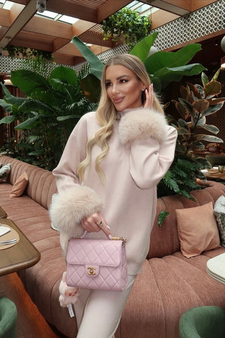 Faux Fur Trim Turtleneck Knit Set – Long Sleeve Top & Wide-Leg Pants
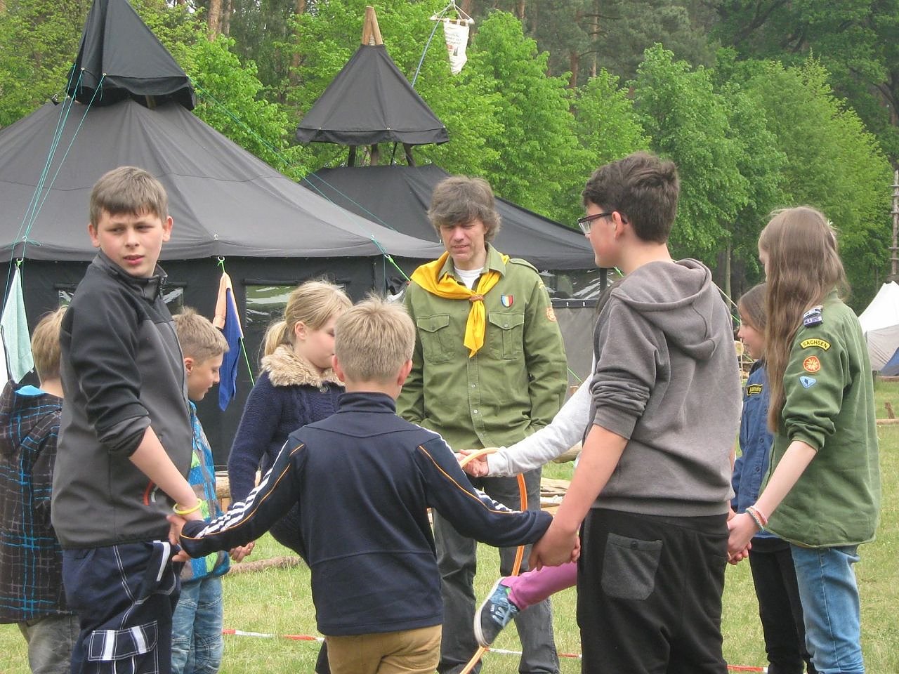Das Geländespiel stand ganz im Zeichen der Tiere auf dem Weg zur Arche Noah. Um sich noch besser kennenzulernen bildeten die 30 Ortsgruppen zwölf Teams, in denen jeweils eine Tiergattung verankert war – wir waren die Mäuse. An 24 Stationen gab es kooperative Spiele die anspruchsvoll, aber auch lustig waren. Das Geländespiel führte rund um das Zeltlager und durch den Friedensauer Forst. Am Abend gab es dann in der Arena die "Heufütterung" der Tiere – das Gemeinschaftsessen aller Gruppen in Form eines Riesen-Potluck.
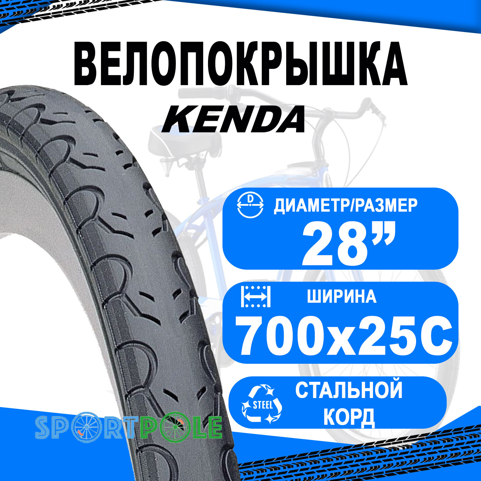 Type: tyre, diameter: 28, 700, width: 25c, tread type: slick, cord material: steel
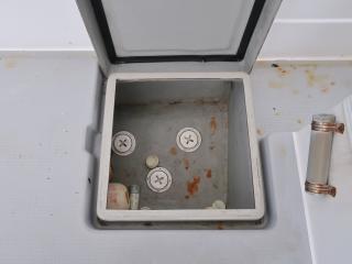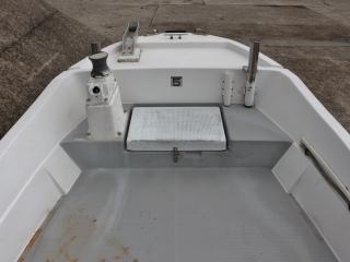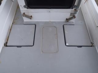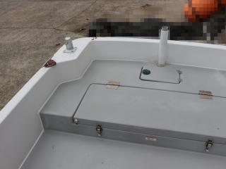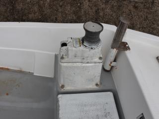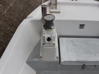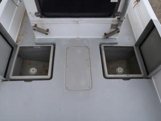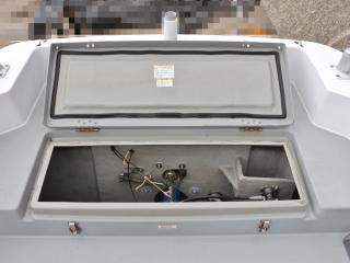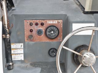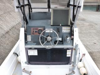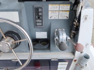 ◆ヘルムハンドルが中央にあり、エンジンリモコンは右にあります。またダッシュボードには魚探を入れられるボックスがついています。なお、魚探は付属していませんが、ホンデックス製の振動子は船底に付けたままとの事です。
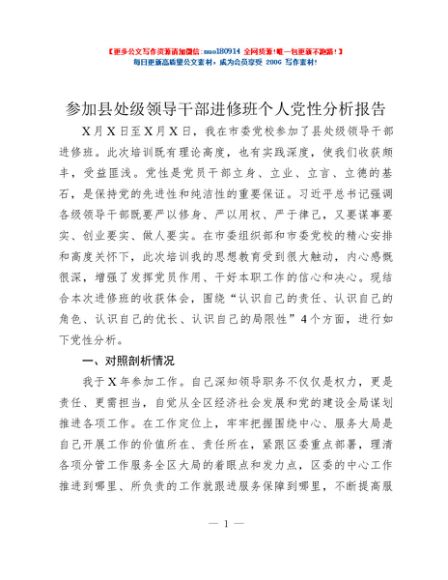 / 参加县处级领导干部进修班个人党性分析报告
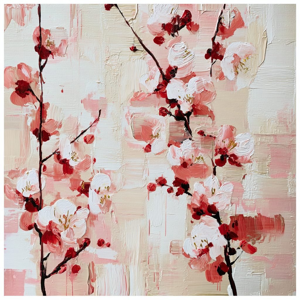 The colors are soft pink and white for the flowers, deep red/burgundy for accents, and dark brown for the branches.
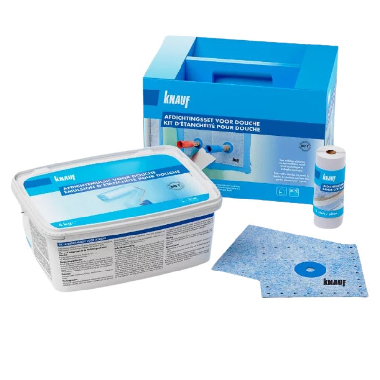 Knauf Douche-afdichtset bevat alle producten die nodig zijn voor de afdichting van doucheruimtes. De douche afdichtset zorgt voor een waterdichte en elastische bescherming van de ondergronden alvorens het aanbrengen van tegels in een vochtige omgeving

• Exercise directions: Go through the entries and retype them exactly, except for the images.

• Result:
 Faux Fur Trim Turtleneck Knit Set – Long Sleeve Top & Wide-Leg Pants
Das Geländespiel stand ganz im Zeichen der Tiere auf dem Weg zur Arche Noah. Um sich noch besser kennenzulernen bildeten die 30 Ortsgruppen zwölf Teams, in denen jeweils eine Tiergattung verankert war – wir waren die Mäuse. An 24 Stationen gab es kooperative Spiele die anspruchsvoll, aber auch lustig waren. Das Geländespiel führte rund um das Zeltlager und durch den Friedensauer Forst. Am Abend gab es dann in der Arena die "Heufütterung" der Tiere – das Gemeinschaftsessen aller Gruppen in Form eines Riesen-Potluck.
 Type: tyre, diameter: 28, 700, width: 25c, tread type: slick, cord material: steel
 ◆ヘルムハンドルが中央にあり、エンジンリモコンは右にあります。またダッシュボードには魚探を入れられるボックスがついています。なお、魚探は付属していませんが、ホンデックス製の振動子は船底に付けたままとの事です。
 / 参加县处级领导干部进修班个人党性分析报告
 The colors are soft pink and white for the flowers, deep red/burgundy for accents, and dark brown for the branches.
 Knauf Douche-afdichtset bevat alle producten die nodig zijn voor de afdichting van doucheruimtes. De douche afdichtset zorgt voor een waterdichte en elastische bescherming van de ondergronden alvorens het aanbrengen van tegels in een vochtige omgeving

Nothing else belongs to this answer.